No he can't. The keyword groupshared allows multiple threads inside a thread group to share data, not between the different thread groups. It's this way, because the thread groups might get executed by different streaming multiprocessors, while a single thread group is executed on a single streaming multiprocessor, where all the threads can use specialized on-chip memory to efficiently share data.

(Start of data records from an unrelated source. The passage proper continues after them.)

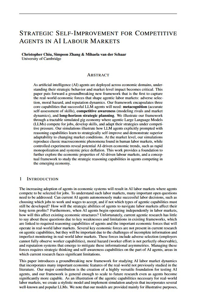 ケンブリッジ大学の研究者らが、AI自身が仕事に応募し、スキルを訓練し、評判を築いていく仮想労働市場「AI Work」を構築して実験を行いました。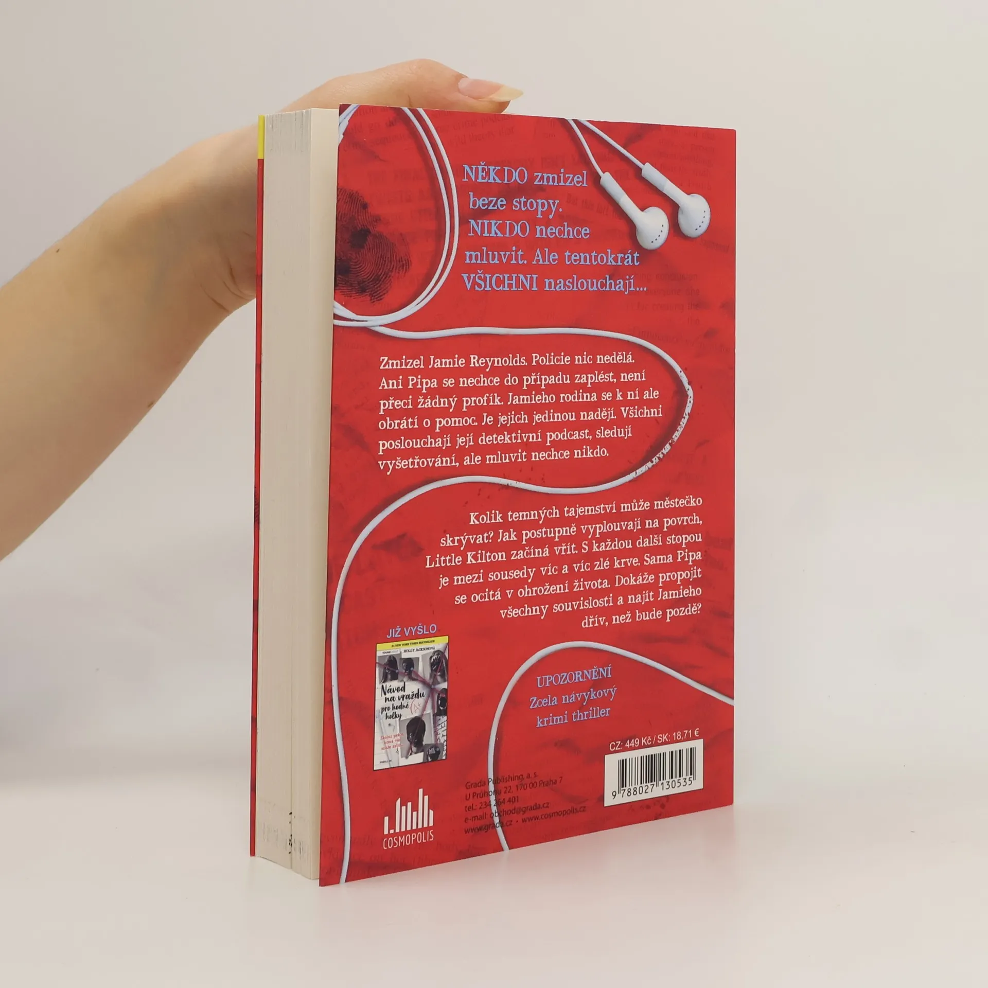 NĚKDO zmizel beze stopy. NIKDO nechce mluvit. Ale tentokrát VŠICHNI naslouchají. Zmizel Jamie Reynolds. Policie nic nedělá. Ani Pipa se nechce do případu zaplést, není přeci žádný profík. Jamieho rodina se k ní ale obrátí o pomoc. Je jejich jedinou nadějí. Všichni poslouchají její detektivní podcast, sledují vyšetřování, ale mluvit nechce nikdo. Kolik temných tajemství může městečko skrývat? Jak postupně vyplouvají na povrch, Little Kilton začíná vřít. S každou další stopou je mezi sousedy víc a víc zlé krve. Sama Pipa se ocitá v ohrožení života. Dokáže propojit všechny souvislosti a najít Jamieho dřív, než bude pozdě?
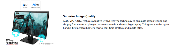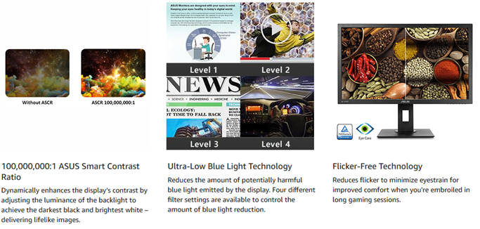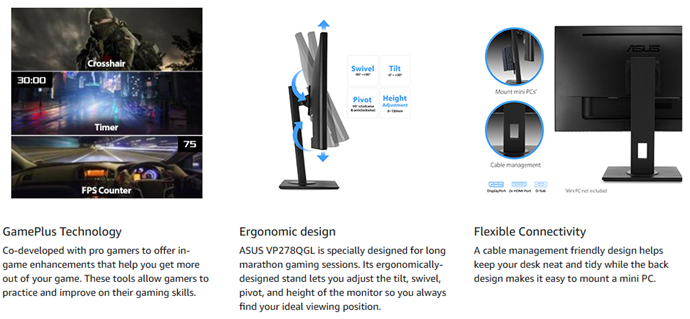 The 34” VP348QGL delivers an immersive Ultra wide gaming experience with HDR-10 support and adaptive Sync/free Sync for tear-free game play. Shadow boost enhances Details in dark areas, making spotting hidden enemies easier. Asus-exclusive eye Care technology helps to reduce eyestrain and ailments with flicker-free backlighting and blue light filters.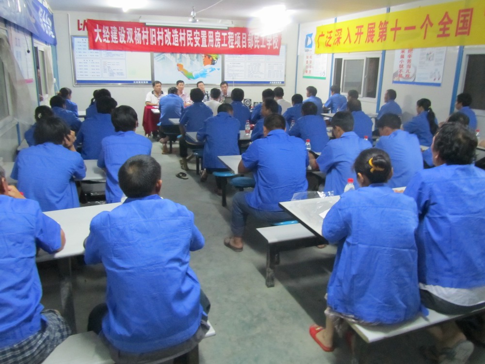 由于人數(shù)和教學(xué)環(huán)境的原因,此次在建農(nóng)民工學(xué)校的首堂課就開在雙楊村舊村改造村民安置用房項(xiàng)目部的食堂里。“施工也應(yīng)知行結(jié)合,來我們工地施工的大多只有小學(xué)到初中文化程度,公建方面的理論知識(shí)并不扎實(shí),我們希望通過這種形式,開拓他們的眼界,提高技術(shù)能力,夯實(shí)我們建筑的基礎(chǔ)?!表?xiàng)目負(fù)責(zé)人周衍錢告訴記者,農(nóng)民工業(yè)余學(xué)校將是一項(xiàng)長(zhǎng)期而繁瑣的工作,農(nóng)民工教育培訓(xùn)活動(dòng)將通過聘請(qǐng)有關(guān)專家講課、放映學(xué)習(xí)光盤等形式,從思想道德、法律法規(guī)、依法維權(quán)、施工安全生產(chǎn)、專業(yè)技能等方面對(duì)農(nóng)民工進(jìn)行系統(tǒng)教育培訓(xùn),促使其對(duì)自身和工作正確定位,提高文化水平和職業(yè)技能水平,真正將業(yè)余學(xué)校辦成農(nóng)民工提高素質(zhì)的“加油站”。

It actually depends on your implementation. A normal shader for blurring doesn't really require synchronization between the individual threads, since every thread just needs to gather its data. A better implementation might be, that you want to use groupshared memory as some kind of cache for the row of the texture, so that every thread only needs to perform a single texture fetch. Since groupshared memory is only available inside a thread group, you can only use up to 1024 threads. The only solution would be to convert your algorithm into a more iterative algorithm. Just work on 2 pixels per thread and use a groupshared array with 2048 elements. This works and is not even slower, since a thread group is not what the actual hardware executes in parallel. The driver splits your thread group into units of 32 or 64 threads called Warps or Wavefronts that get executed iteratively (clarification: all the threads of a warp get executed in parallel, but the different warps get executed iteratively). So 2 thread groups of 1024 would be executed as 32 wavefronts or 64 warps in an iterative manner. My solution of just a single thread group and 1024 threads per thread group gets converted into just 16 wavefronts or 32 warps, but they all do the twice the amount of work. So in the end your algorithm is just as parallel, as it would be if you would use 2 thread groups. As long as a thread group consists of at least 8 warps (recommendation of NVIDIA) you can always remove some of your parallelisation without a decrease in performance. As far as I understand NVIDIA's Kepler architecture, they now begin to execute multiple warps in parallel (6, if I'm correct), so this solution might not be the best for the future. But it's as good as it can get with DirectX 11 unfortunately.

If you would actually want to work on more than 2048 pixels, you would need to use register memory to cache your pixels, since you would need more than the maximum of 32 KB group shared memory. Let's say you would want to work with 4096 pixels. You could store 4 pixels per thread inside its registers and always expose 2 of them in the group shared memory. You just need to synchronize the threads and always expose the pixels you want to access from other threads. Groupshared memory is just a way to share data. Register memory is way larger than just 32 KB.

I would only use the apron solution for non-seperable kernels or kernels that are too large to fit into groupshared memory, since the apron pixels are getting sampled multiple times from the different thread groups. So you're losing performance there, which is not the case in the solution where every thread simply calculates multiple pixels.